En una verdadera democracia, estos procesos se realizan con una amplia deliberación pública, donde se exponen los criterios sobre las decisiones de los legisladores y se busca tomar las mejores decisiones en aras de la garantía de derechos y del fortalecimiento de las instituciones encargadas de regular el poder.

Hoy por hoy, las designaciones y ratificaciones que se realizan en el Senado y la Cámara de Diputados, así como en los congresos de los estados, suelen realizarse con poca discusión y privilegiando los acuerdos políticos entre partidos.

Son pocos los casos en los que se ha podido construir un proceso de designación abierto, transparente y participativo, el cual permita designar a los perfiles más idóneos y que sean independientes de los poderes políticos. Ejemplo de ello es la designación de los integrantes al Comité de Participación Ciudadana del Sistema Nacional Anticorrupción a inicios de año y la de los comisionados del Instituto Nacional de Transparencia, Acceso a la Información y Protección de Datos Personales (INAI) en 2014.

Es importante entender estos procesos como parte medular de la construcción democrática de un país. El voto debe dejar de entenderse como el único mecanismo de participación política de la ciudadanía, y debe dejar de ser un cheque en blanco para una clase política que carece de la costumbre de informar sobre sus acciones, rendir cuentas y que no incorpora la participación ciudadana en la toma de decisiones.

Lo que hoy pasa es que votamos por personas dentro de estructuras partidistasque al llegar al poder construirán los acuerdos necesarios para ir adquiriendo mayor poder. Difícilmente ejercerán las funciones de contrapeso si eso, en el futuro, les representa una pérdida de poder.

¿Cuántas veces hemos visto al Senado o la Cámara de Diputados rechazar una propuesta para ocupar un cargo público del presidente de la República? Esto no sucede, y no porque las propuestas del Ejecutivo sean buenas, sino porque se acuerdaen lo oscurito.

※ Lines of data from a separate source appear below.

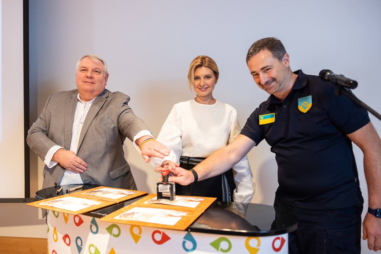 Пам'ятні відбитки штемпеля “перший день” на конверті та марці поставила Олена Зеленська, Генконсул України у Нью-Йорку Олексій Голубов, генеральний директор Укрпошти Ігор Смілянський.
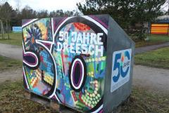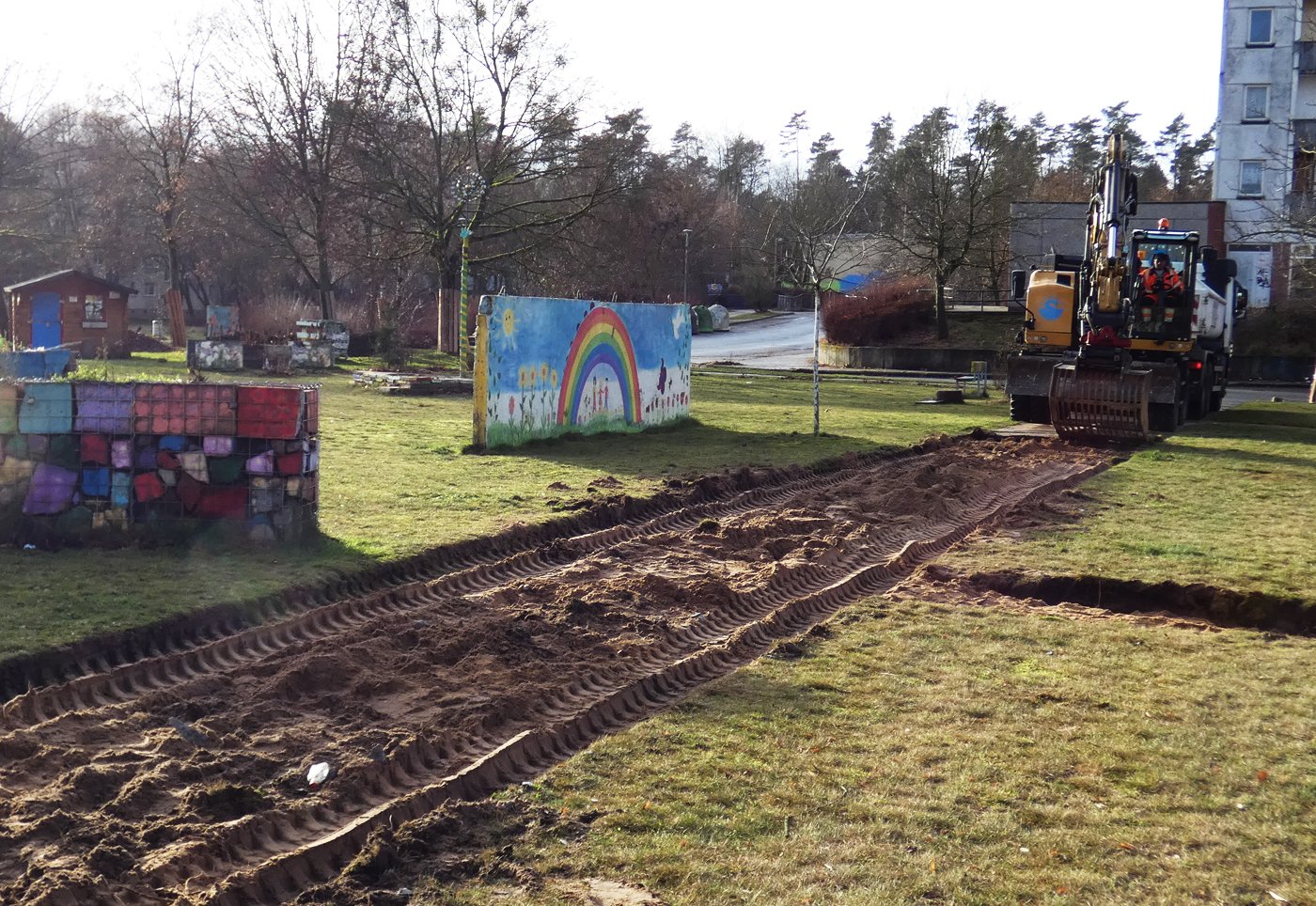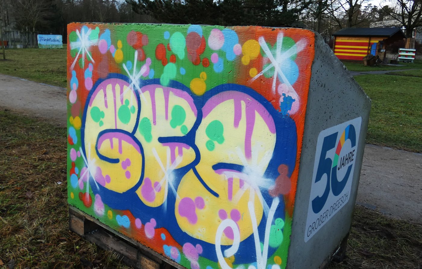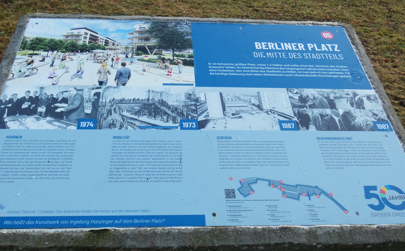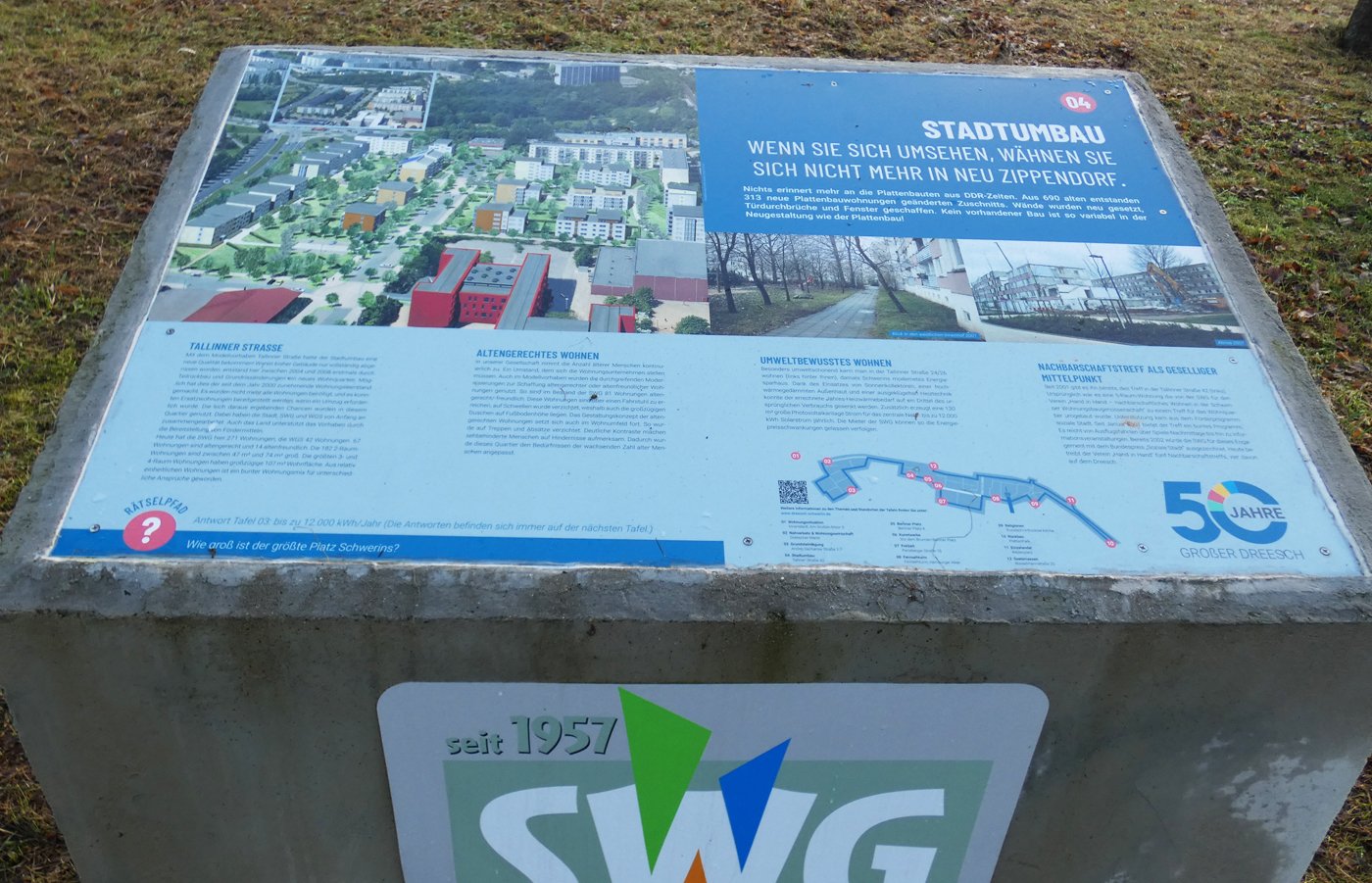 Es wurden Obstbäume gepflanzt. Die Gehwege werden erneuert, und die Betonelemente vom Ausstellungspfad "50 Jahre Großer Dreesch" haben im PlattenPark ihren endgültigen Platz bekommen. Man kann sich also über die Geschichte des Plattenbaugebietes ganz bequem bei einem Spaziergang informieren und sich die schönen Bilder, die von verschiedenen Vereinen gemalt wurden, ansehen
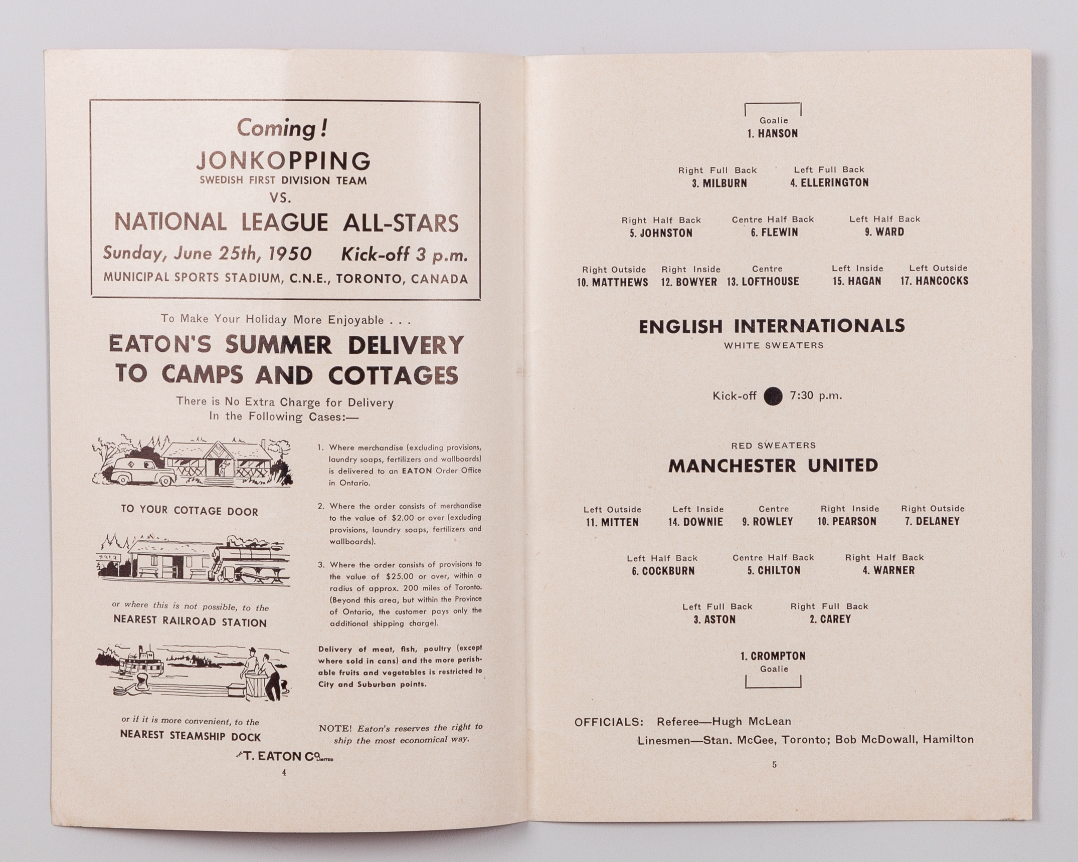 Jack Rowley English Internationals v. Manchester United, Tour Match Programme, 14th June 1950

Procesos de designación tan cruciales como el de los magistrados anticorrupción se limitan a la presentación de una propuesta del Ejecutivo Federal para que el Senado le dé visto bueno a sabiendas de que no los van a rechazar. Porque la experiencia nos ha demostrado que, aún cuando hay severas críticas y rechazo de perfiles propuestos por el Ejecutivo, como lo fue el caso de Paloma Merodio a la Junta de Gobierno del INEGI, el Senado le aprobará lo que sea al presidente de la República.

Y, en este esquema, ¿qué papel jugamos las y los ciudadanos? La estructura electoral nos dirá que votemos para castigar y premiar, pero el problema es que sabemos que esto no depende del partido político que llegue al poder o que tenga mayoría en los congresos, ya que cuando llegan se comportan de manera muy similar. Debemos replantearnos la participación de la ciudadanía más allá del voto porque este no es la única forma de participar de lo público, de incidir en el poder.